■ **DESCRIPTION OF THE TASK**
Set down, word for word, each line from the top of the data through the line that has "品番:WFS6532MB品名"; omit every picture.
*** RECORDED INFORMATION Section Begins ***
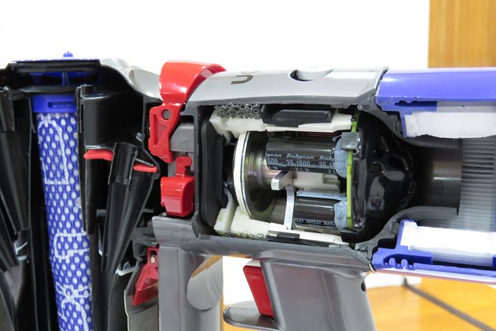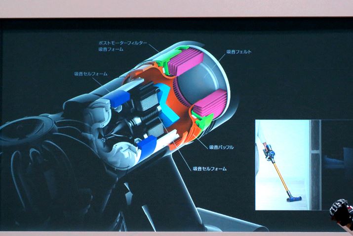 吸引力はアップしたが、稼動音は50%の低減を実現した(「MAX」モード時)。クリーナー内部の静音装備や風路を見直し再設計したことで、V6シリーズと比較して約50%の静音化に成功。さらに、音響工学の面からも見直し、フィルターを追加するなどして音質が改善されているのだという。
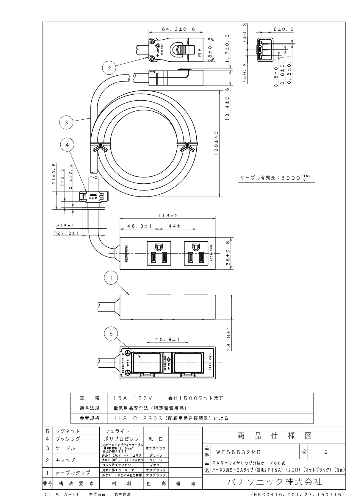 品番:WFS6532MB品名:EASYワイヤリング分岐ケーブル方式ハーネス用S-OAタップ(接地2P15A)(2コ口)(マットブラック)(3M)
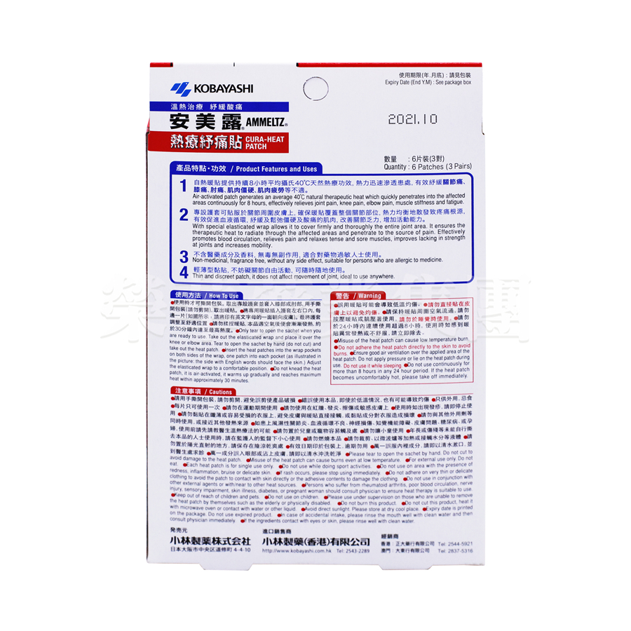 只供外用﹐忌食。請勿讓小童使用。年長或傷殘等未能自行撕去本品的人士使用時,請在監護人的監督下小心使用。•使用時才可撕開包裝﹐取出專設護套並套入膝部或肘部﹐用手撕開包裝(請勿剪開)﹐取出暖貼﹐將專用暖貼插入護套左右口內﹐每邊一片(請將印有字的一面朝向皮膚)﹐最後將護套調整至舒適位置。請勿揉捏﹐本品遇空氣後便會漸漸發熱﹐約於30分鐘內達至最高熱度。
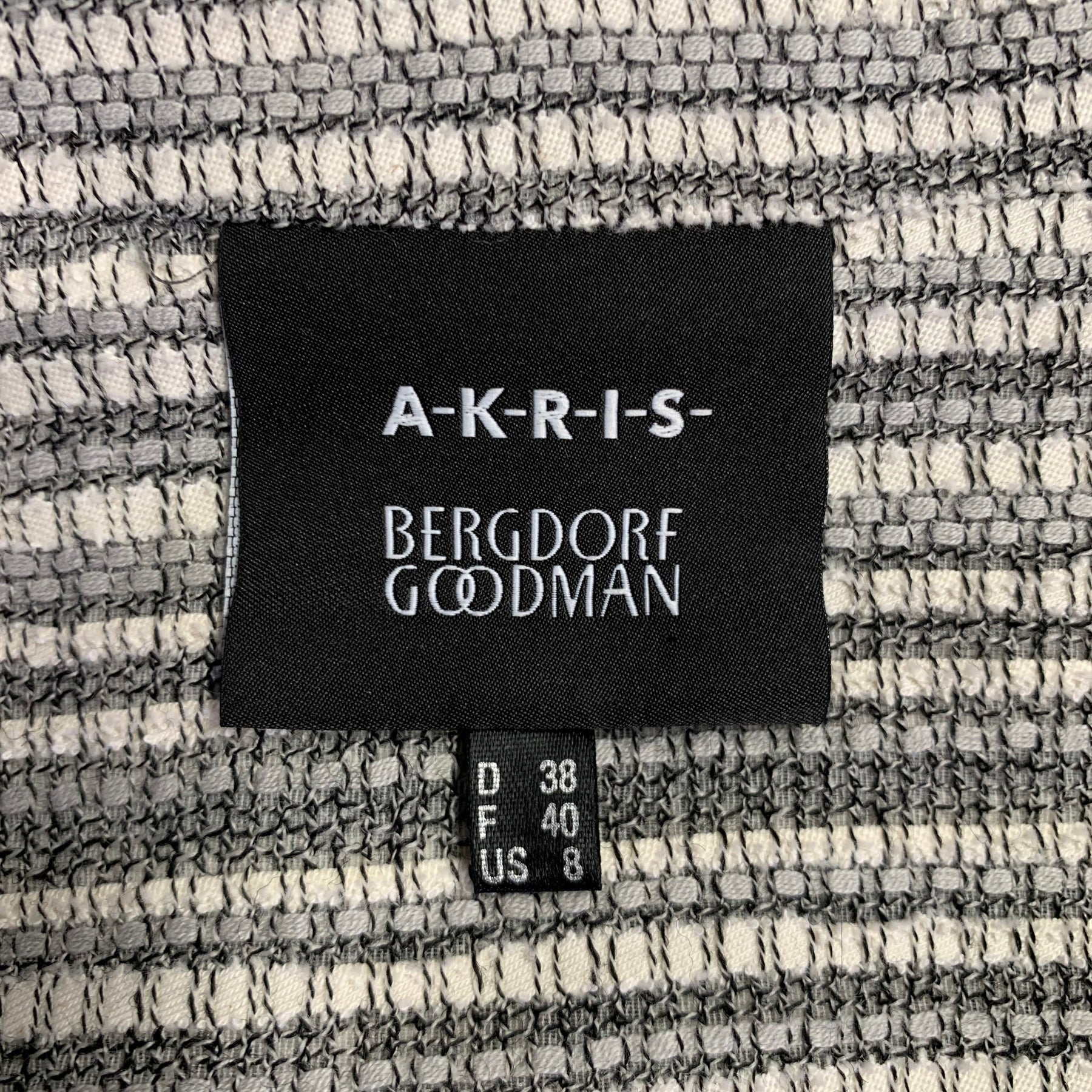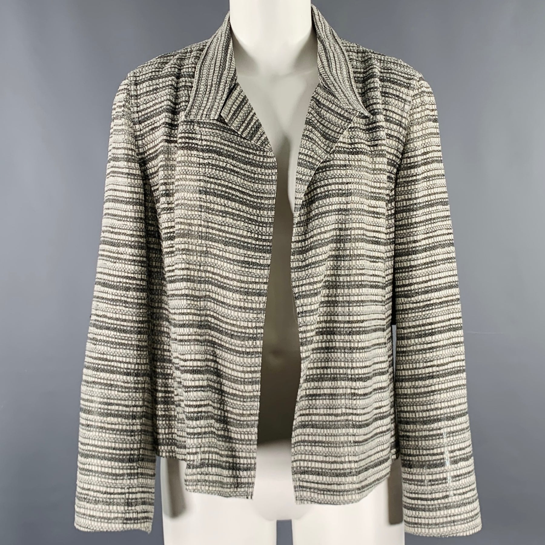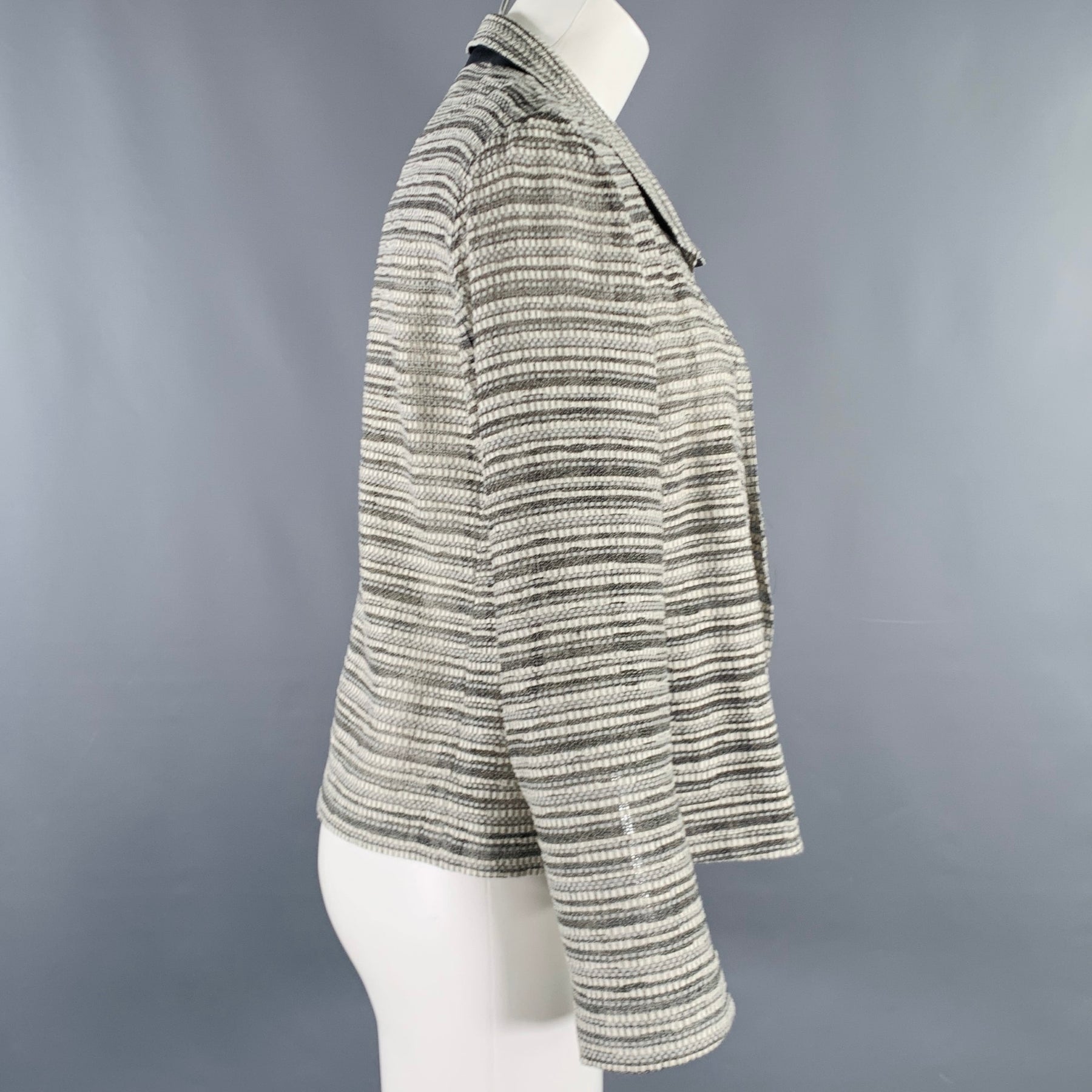AKRIS Size 8 Grey White Cotton Wool Stripe Open Front Jacket
*** RECORDED INFORMATION Section Ends ***
■ **SOLUTION FOR THIS EXERCISE**
 吸引力はアップしたが、稼動音は50%の低減を実現した(「MAX」モード時)。クリーナー内部の静音装備や風路を見直し再設計したことで、V6シリーズと比較して約50%の静音化に成功。さらに、音響工学の面からも見直し、フィルターを追加するなどして音質が改善されているのだという。
 品番:WFS6532MB品名:EASYワイヤリング分岐ケーブル方式ハーネス用S-OAタップ(接地2P15A)(2コ口)(マットブラック)(3M)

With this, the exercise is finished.